Tra le storiche, l’elenco partenti vede nomi e vetture di assoluto rilievo, ciascuno dei quali ha ambizioni di vertice nei rispettivi raggruppamenti. Occhi puntati ad esempio sul driver e preparatore palermitano di Marineo Ciro Barbaccia, in cerca di punti preziosi sulla ammiratissima Paganucci di Gruppo BC2000 di 4 Raggruppamento. Vorrà dire la sua ovviamente il palermitano di origini campane Francesco Avitabile che con la BMW 320 di Classe Silhouette oltre 2000, tenterà l’acuto in 3 Raggruppamento, lo stesso raggruppamento in cui il messinese Salvatore Caristi, in Classe Silhouette 1300, vorrà rendere redditizia la cavalleria della sua Fiat 128 della scuderia Phoenix. Sempre da Messina arriva l’altro esperto Antonino Pino che non poteva mancare l’appuntamento con la Giarre Monsalice Milo sulla fida Alfa Romeo di Classe TC1300 di 3 Raggruppamento. Si preannuncia serrata la battaglia tra i due porschisti Gianfabio Varsallona e Nicola Scaccianoce che si contenderanno il vertice della Classe 2500 di 2 Raggruppamento sulle Porsche S e 911. Il palermitano naturalizzato a Catania Vincenzo Barone, sarà allo start con la fida Fiat 128 della scuderia Etna con la quale vorrà imprimere il proprio nome sull’albo d’oro in Classe TC 1150 del 2 Raggruppamento. Lotterà con il coltello tra i denti il palermitano “Oiram” con la spettacolare Lancia Fulvia di Gruppo GTS Classe 1300 di 1 Raggruppamento, lo stesso nel quale, vorrà dire la sua il catanese Antonio Mancuso su Alfa Romeo di Gruppo TC Classe 1600. Il conto alla rovescia, è chiaramente scandito dall’impegno degli organizzatori. “Anche per questa edizione – spiega Fabio Cavallaro – raccomandiamo al pubblico di prestare la massima attenzione e collaborazione. Ci auguriamo che sia un bel weekend di sport e agonismo. Ringraziamo l’assessore regionale allo sport Pappalardo e le amministrazioni comunali di Giarre, Santa Venerina e Milo, molto vicine all’evento per il loro imprescindibile supporto”.
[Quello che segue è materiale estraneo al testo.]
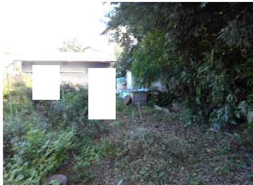
敷地内北西側から撮影
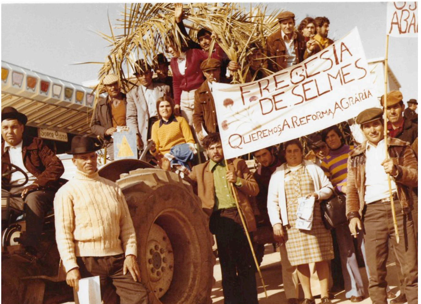
《贝贾农民要求土地改革》约翰·格林（英国）作于1974年

十多年前，我参观了里斯本的阿尔朱贝抵抗与自由博物馆（Aljube Museum – Resistance and Freedom），这里在1928年到1965年间曾是关押政治犯的酷刑场所。在此期间，数以万计的工会会员、学生活动分子、共产主义者和各类造反者被带到这里遭受酷刑，许多人被杀害，且往往是用极其残忍的方式。博物馆保存的数百个案例无不体现出这种残忍司空见惯。例如，1958年7月31日，施刑者将电焊工劳尔·阿尔维斯从阿尔朱贝监狱带到秘密警察总部的三楼，将他推下楼活活摔死。当时巴西驻葡萄牙大使阿尔瓦罗·林斯的妻子赫洛伊萨·拉莫斯·林斯开车路过，看到阿尔维斯掉下来摔死，并告诉了她的丈夫。当巴西大使馆找到葡萄牙内政部询问发生了什么事时，“新国家”独裁政府的回应是“不用这么震惊。只是一个无关紧要的共产党员。”
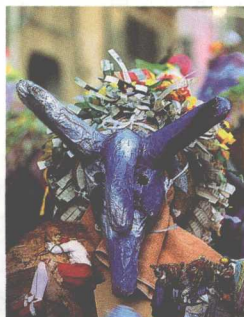
古老的圣母纪念日游行活动
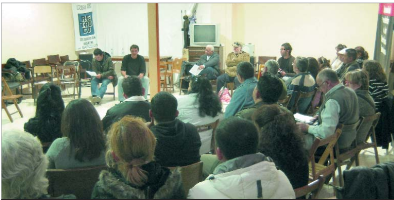
L'Assemblea d'Afectats per les Hipoteques, el 22 de febrer, a la Casa de la Solidaritat de Barcelona.
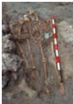
Las Quintanas. Inhumación doble infantil visigoda, s. VII d. C.

Las excavaciones posteriores, iniciadas entre 1988 y 1989, serían el germen de las realizadas en la actualidad que centran su acción, desde 1998, en una trinchera de 8 por 56 m. En este espacio tan limitado quedan condensados, en poco más de cuatro metros de potencia estratigráfica, tres horizontes culturales: visigodo,
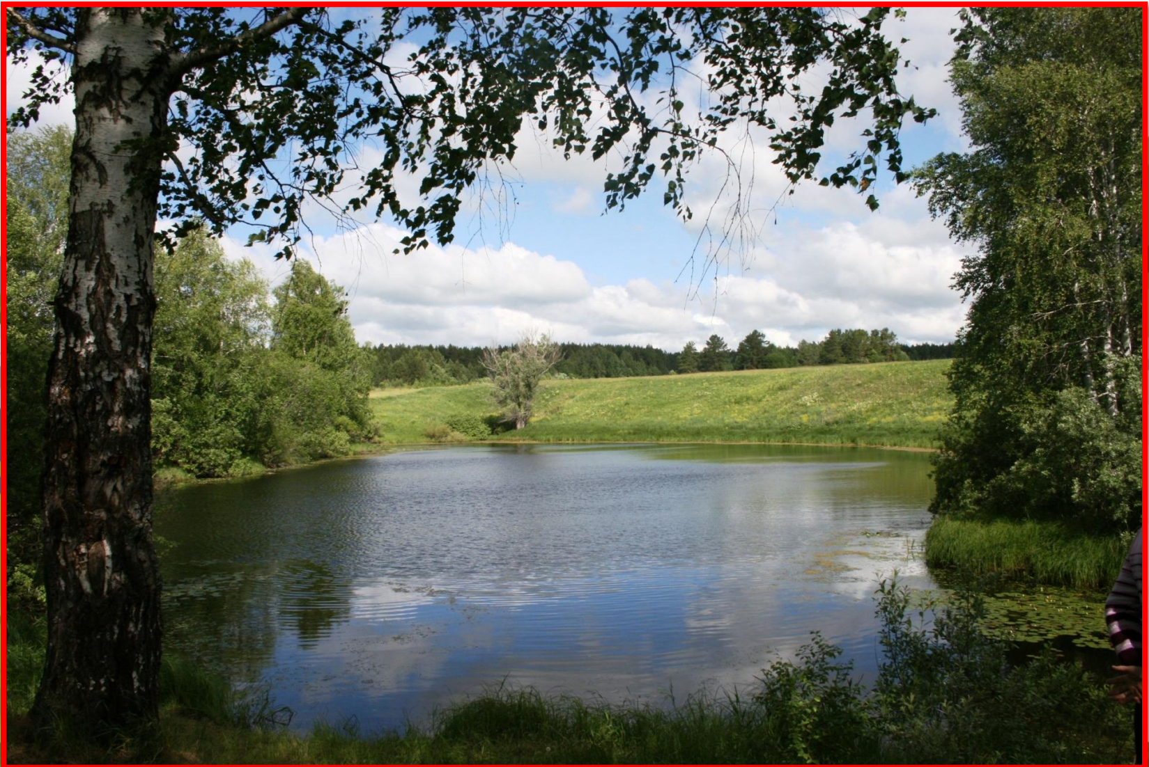
Озеро-провал «Черное» (д. Лебяжье)

Classifica primi 10 nel 2017: 1 Domenico Cubeda (Osella FA 30 Zytek) in 6’33”32; 2 Spoto (Radical SR4 Suzuki) a 28”46; 3 Ferragina (Elia Avrio) a 29”87; 4 Vacca (Osella PA 200 Honda) a 29”94; 5 Cassibba G. (Osella PA 20/S BMW) a 36”58; 7 Maccarrone (Gloria CP7) a 39”70; 8 D’Urso (Radical SR4) a 47”37; 9 Miano R. (Elia Avrio) a 52”33; 10 Cassibba S. (Osella PA 30 Mugen) a 57”41.